§ PROBLEM DESCRIPTION:
Your copy should hold only the lines from the one with "所有案件还原的准备工作完成后" to the one with "Bundle Of 2", both included, each exactly as it stands below, with no pictures.

╭─ RECORDS

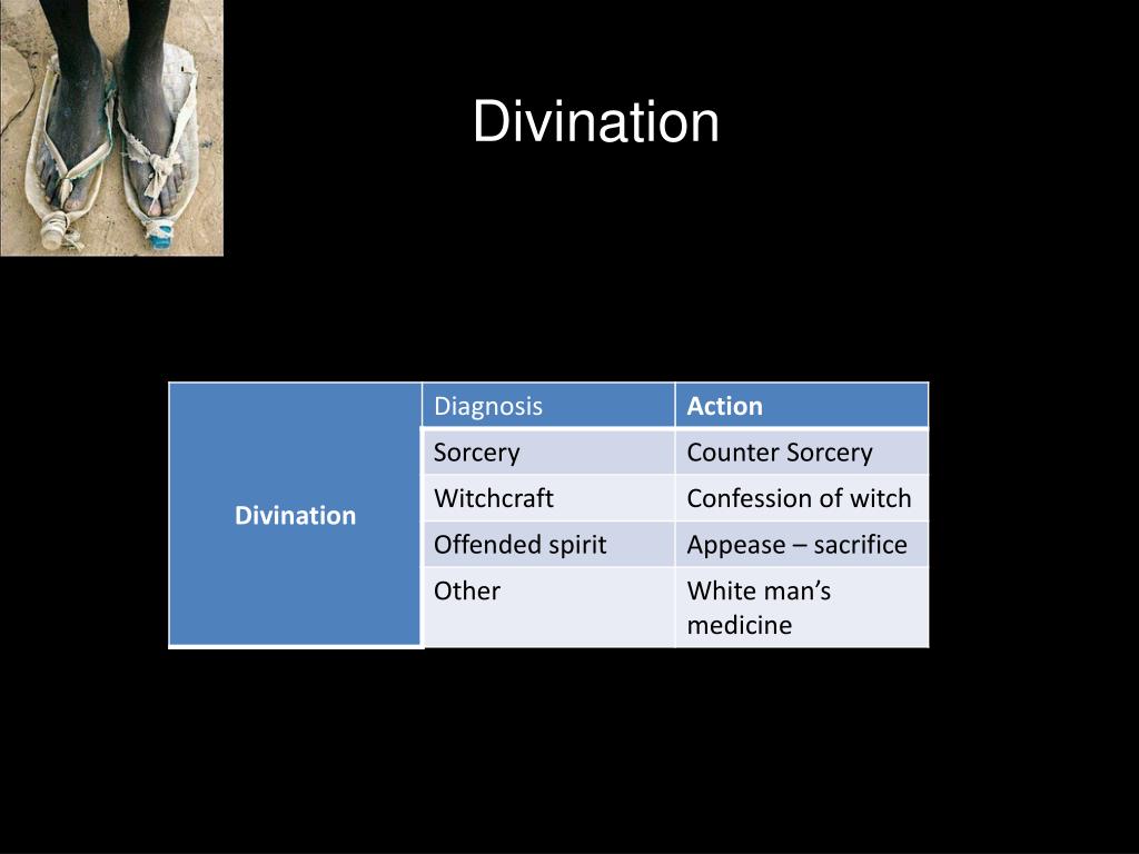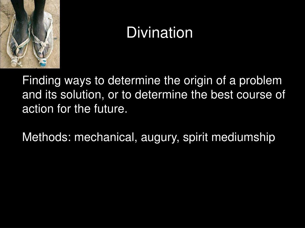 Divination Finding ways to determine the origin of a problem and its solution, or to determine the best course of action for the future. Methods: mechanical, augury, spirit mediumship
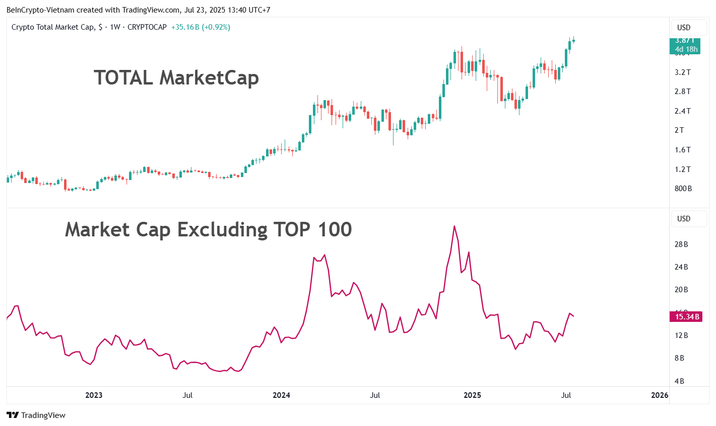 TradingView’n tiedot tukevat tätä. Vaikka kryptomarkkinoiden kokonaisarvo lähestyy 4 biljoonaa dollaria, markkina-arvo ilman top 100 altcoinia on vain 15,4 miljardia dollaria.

╰─
╭─ RECORDS

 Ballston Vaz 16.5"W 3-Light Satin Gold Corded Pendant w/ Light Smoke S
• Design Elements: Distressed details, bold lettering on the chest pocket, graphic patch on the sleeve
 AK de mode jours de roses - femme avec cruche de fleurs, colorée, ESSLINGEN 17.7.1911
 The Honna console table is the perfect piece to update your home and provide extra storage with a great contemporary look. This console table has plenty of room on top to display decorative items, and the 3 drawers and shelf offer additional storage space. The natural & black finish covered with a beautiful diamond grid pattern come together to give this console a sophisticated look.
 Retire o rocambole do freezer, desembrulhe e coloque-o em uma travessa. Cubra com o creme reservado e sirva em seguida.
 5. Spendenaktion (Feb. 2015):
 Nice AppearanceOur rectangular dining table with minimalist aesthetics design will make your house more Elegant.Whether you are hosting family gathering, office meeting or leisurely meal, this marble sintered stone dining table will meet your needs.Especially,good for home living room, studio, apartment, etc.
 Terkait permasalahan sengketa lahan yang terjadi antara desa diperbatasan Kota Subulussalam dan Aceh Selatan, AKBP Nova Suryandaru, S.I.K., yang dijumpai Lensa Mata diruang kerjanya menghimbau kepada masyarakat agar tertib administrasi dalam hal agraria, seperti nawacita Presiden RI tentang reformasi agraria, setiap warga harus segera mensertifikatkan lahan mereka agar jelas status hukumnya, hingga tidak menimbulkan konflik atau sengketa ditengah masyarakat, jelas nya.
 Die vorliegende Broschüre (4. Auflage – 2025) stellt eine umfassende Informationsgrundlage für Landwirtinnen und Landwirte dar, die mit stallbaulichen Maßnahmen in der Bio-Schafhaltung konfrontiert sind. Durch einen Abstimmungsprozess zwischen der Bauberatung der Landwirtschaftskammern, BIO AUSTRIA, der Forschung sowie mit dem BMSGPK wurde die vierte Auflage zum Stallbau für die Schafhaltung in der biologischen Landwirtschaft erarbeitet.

╰─
╭─ RECORDS

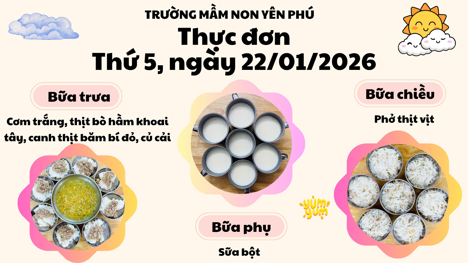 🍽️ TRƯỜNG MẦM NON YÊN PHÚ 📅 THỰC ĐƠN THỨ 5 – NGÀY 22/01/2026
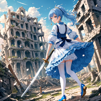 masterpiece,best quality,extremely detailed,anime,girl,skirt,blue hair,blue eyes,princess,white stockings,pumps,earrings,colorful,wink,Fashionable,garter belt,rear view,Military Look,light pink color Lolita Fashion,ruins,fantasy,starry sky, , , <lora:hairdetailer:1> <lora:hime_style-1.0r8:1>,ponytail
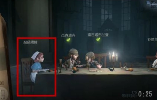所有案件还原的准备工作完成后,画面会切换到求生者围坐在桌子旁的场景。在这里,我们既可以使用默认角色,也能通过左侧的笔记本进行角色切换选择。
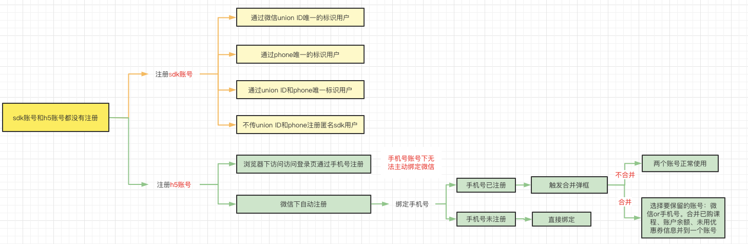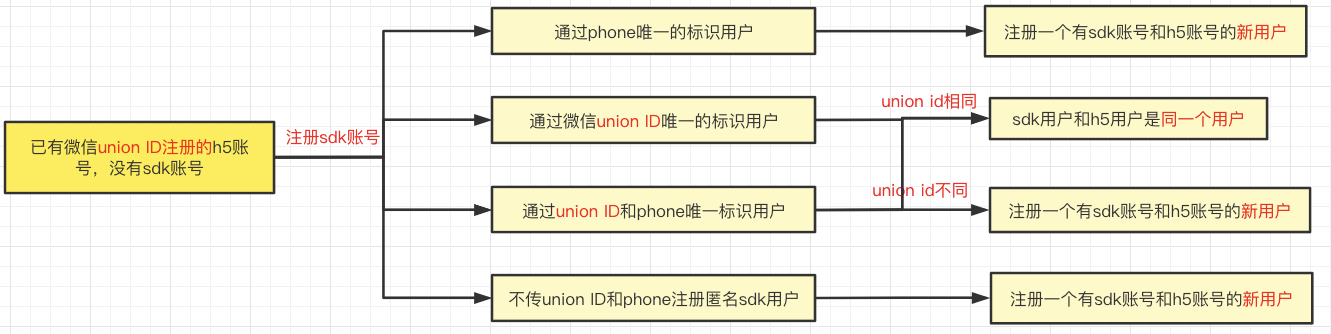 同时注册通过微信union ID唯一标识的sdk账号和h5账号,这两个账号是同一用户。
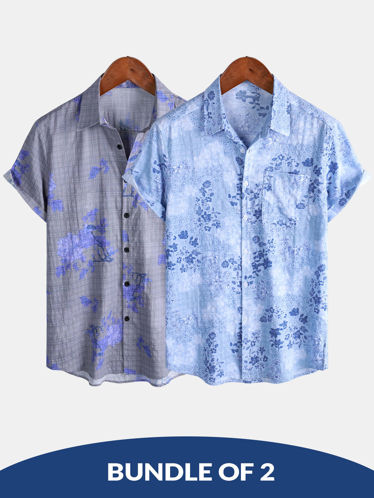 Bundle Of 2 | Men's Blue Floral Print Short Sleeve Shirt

╰─

§ TASK RESULT:
所有案件还原的准备工作完成后,画面会切换到求生者围坐在桌子旁的场景。在这里,我们既可以使用默认角色,也能通过左侧的笔记本进行角色切换选择。
 同时注册通过微信union ID唯一标识的sdk账号和h5账号,这两个账号是同一用户。
 Bundle Of 2 | Men's Blue Floral Print Short Sleeve Shirt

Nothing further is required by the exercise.